So, former First Lady Laura Bush was asked by USA Today's Susan Page about Donald Trump. Let's put aside for the moment that, frankly, questions about Trump were not particularly relevant, considering why Laura Bush was there for the interview (which is supposed to be about Voices of Hope, Mrs. Bush's new book on Afghan women): that's just par for the course. But Mrs. Bush (I think properly) declined to give Trump a soundbite to freak out over, but it's fairly clear from her response afterward where she stands. And it's not with Trump:
Q: But in your book it’s clear that you don’t think Islam hates America, or that all Muslims should be banned from entering the United States. Is there a point where you would feel compelled to come off the sidelines to speak out?
A: This is what I want Americans to remember -- what our real values are. And one of the very first things, one of the reasons we’re a country is because we believe in freedom of religion. We believe that people could be religious. They could choose any religion they wanted to, or they could not worship, if they didn’t want to. We don’t have any religious test in the United States. And that’s what we need to remember. We need to remember what our own values are.

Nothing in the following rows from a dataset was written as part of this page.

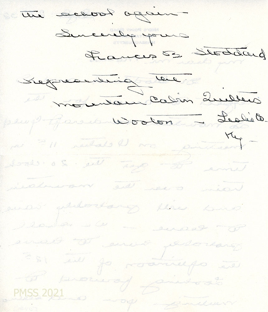 [014], [014a] September 27, 1932. Two-page handwritten letter to Morris from Frances B. Stoddard in Mattapoisett, MA. She and Dr. Stoddard’s arrival and departure details. Stoddard represents the Mountain Cabin Quilters, Wooton, Leslie Co., KY.
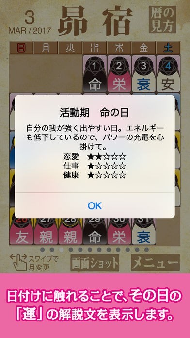 総合は切り替え機能で、日運と月運、年運の吉凶を見れます。カレンダーでは、見たい日付をタップするとその日の吉凶や解説文が表示します。様々な運勢を見て参考にできます。
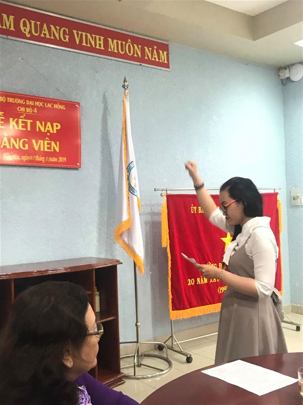 Được sự thống nhất của Ban thường vụ Đảng ủy Khối, Đảng ủy trường Đại học Lạc Hồng, vào lúc 7h30 ngày 07 tháng 11 năm 2019 tại phòng họp cơ sở 1 trường Đại học Lạc Hồng, Chi bộ 4 đã tiến hành tổ chức lễ kết nạp Đảng viên cho quần chúng xuất sắc Nguyễn Ngọc Minh Chi vào Đảng Cộng sản Việt Nam; Đến dự buổi lễ kết nạp có Đ/c Nguyễn Thị Thu Lan – Phó Bí thư Đảng ủy nhà trường – Bí thư chi bộ 4, cùng toàn thể Đảng viên trong Chi bộ.

We have a tendency in the United States, and it’s happened other times in our history, to become sort of isolationist and xenophobic and, you know, we’re just going to stay here together and not pay attention to the rest of the world. And it’s something that we have to pay attention to now because our world is so small. And it’s important for us — even though we’ve gone through these stages many other times in our history — to pay attention to the rest of the world.
Now, I'm going to go out on a limb here and predict that, if and when this response gets noticed by the mainstream press, there's going to a whole lot of online vituperation going on over the sight of a woman with the Bush surname calling xenophobia, well, xenophobia. This is as predictable as the sunrise, in fact. And when that happens I would like my readers to take a good, hard look at the people who are doing the vituperating*. These are not happy people. These are not people who are comfortable in their own skin. These are people whose faces have set into a set pattern of aggravation, peevishness, and a general, constant, low-grade state of resentment. In short, they're kind of broken. And you have to wonder just how much of that is bleeding into the part of their lives that doesn't involve politics. Because, as we saw from the decade-long crackup that was the antiwar movement, you can't just turn this stuff off like it was coming from a spigot.
But, hey: people are going to do what they're going to do. Maybe this time they'll figure out how to channel the Dark Side in a way that won't corrupt them in the end. It's never happened once in all of recorded history, but dice have no memory, right?
*Huh. Guess it's a word. I half-figured that it wouldn't be.